▸ Work request:
Skip the pictures, please, and write out exactly every line from the one containing "11KN Celana Kerja" through the end of the listing below.

((

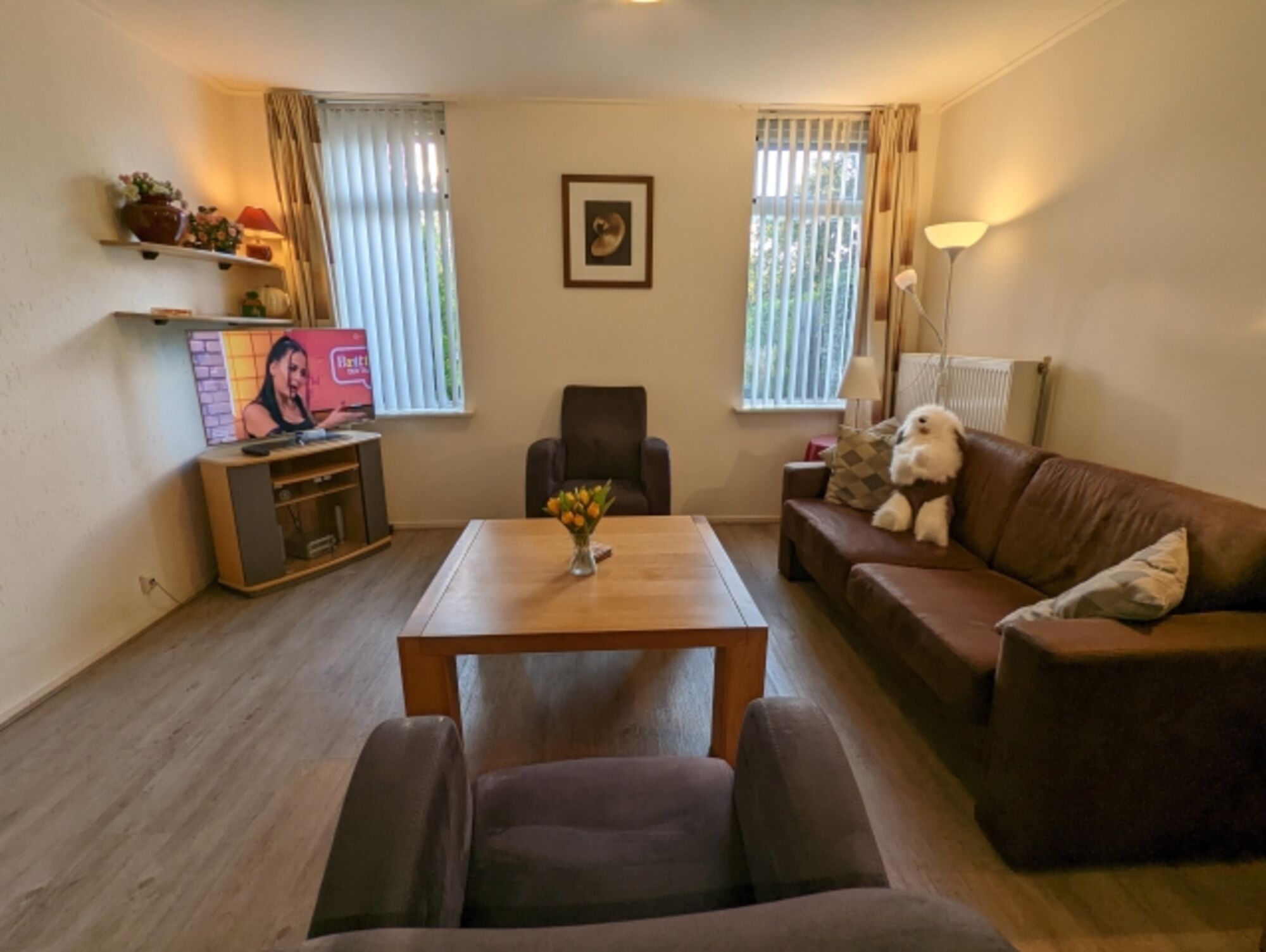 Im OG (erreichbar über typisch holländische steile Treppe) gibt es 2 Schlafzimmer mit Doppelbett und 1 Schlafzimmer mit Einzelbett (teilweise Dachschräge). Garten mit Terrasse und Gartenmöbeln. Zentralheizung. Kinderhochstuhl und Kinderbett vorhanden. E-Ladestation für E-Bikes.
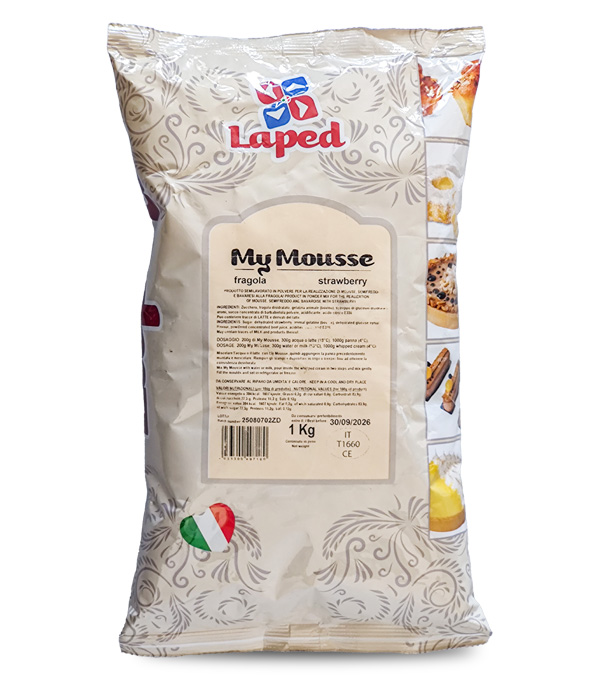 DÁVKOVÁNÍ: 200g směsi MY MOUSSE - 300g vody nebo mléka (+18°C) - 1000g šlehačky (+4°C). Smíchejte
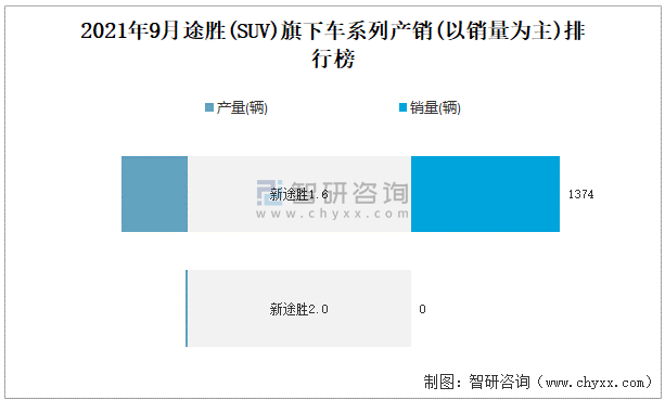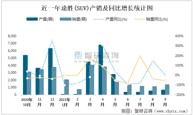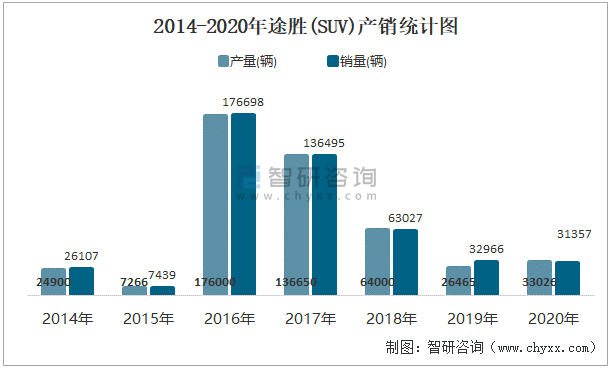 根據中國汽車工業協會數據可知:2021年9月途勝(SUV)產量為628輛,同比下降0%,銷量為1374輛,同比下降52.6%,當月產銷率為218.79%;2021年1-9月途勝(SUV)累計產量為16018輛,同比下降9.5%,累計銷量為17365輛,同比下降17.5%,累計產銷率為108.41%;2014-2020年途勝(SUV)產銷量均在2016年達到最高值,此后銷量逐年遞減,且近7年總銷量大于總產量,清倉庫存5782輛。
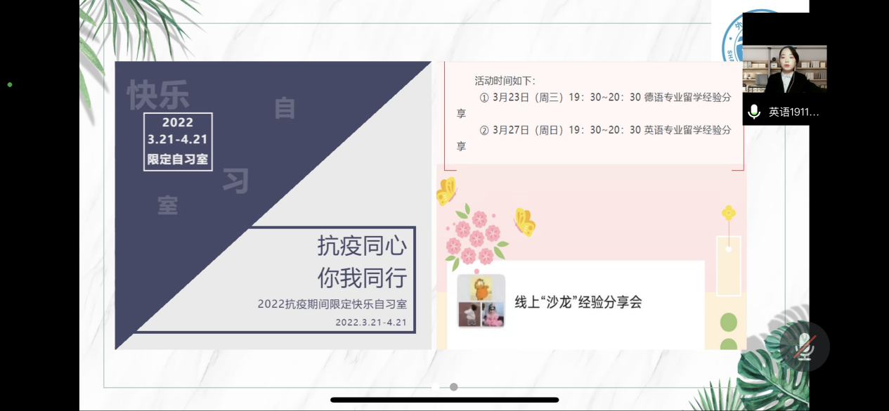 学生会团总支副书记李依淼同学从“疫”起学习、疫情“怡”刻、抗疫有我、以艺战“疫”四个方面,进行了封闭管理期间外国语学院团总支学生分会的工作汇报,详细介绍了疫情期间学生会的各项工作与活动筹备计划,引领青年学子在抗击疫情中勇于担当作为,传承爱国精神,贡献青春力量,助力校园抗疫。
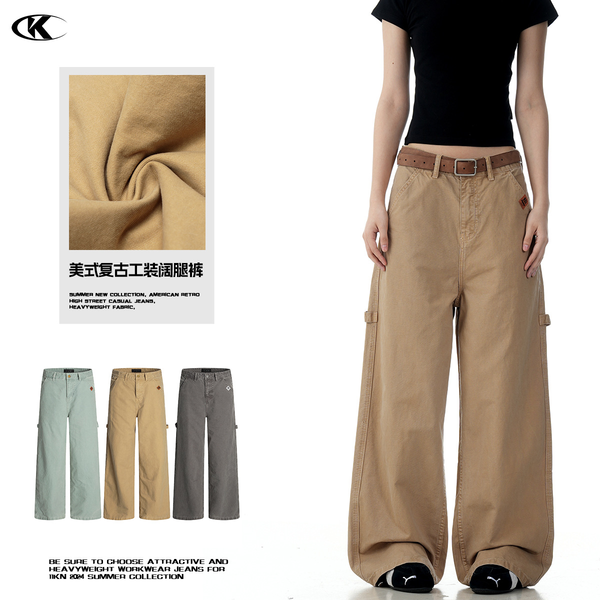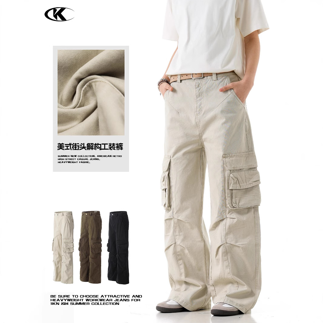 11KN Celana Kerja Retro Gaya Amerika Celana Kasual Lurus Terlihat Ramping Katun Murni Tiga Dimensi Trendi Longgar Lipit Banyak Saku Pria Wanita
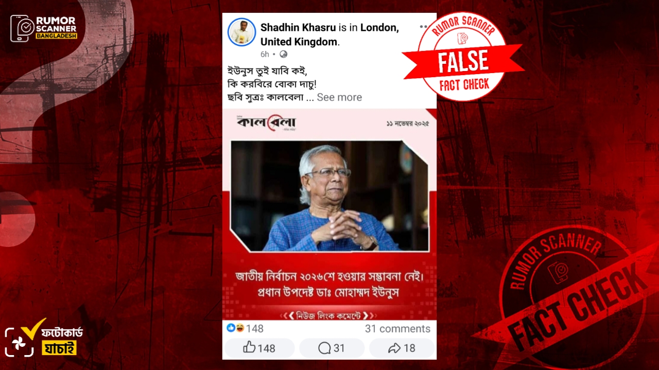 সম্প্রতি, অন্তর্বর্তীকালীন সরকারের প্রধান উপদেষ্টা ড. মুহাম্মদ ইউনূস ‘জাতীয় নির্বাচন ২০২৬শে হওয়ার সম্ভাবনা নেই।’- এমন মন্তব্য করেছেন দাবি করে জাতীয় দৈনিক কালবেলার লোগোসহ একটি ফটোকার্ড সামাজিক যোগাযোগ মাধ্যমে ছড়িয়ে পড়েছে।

))

▸ Exercise result:
 11KN Celana Kerja Retro Gaya Amerika Celana Kasual Lurus Terlihat Ramping Katun Murni Tiga Dimensi Trendi Longgar Lipit Banyak Saku Pria Wanita
 সম্প্রতি, অন্তর্বর্তীকালীন সরকারের প্রধান উপদেষ্টা ড. মুহাম্মদ ইউনূস ‘জাতীয় নির্বাচন ২০২৬শে হওয়ার সম্ভাবনা নেই।’- এমন মন্তব্য করেছেন দাবি করে জাতীয় দৈনিক কালবেলার লোগোসহ একটি ফটোকার্ড সামাজিক যোগাযোগ মাধ্যমে ছড়িয়ে পড়েছে।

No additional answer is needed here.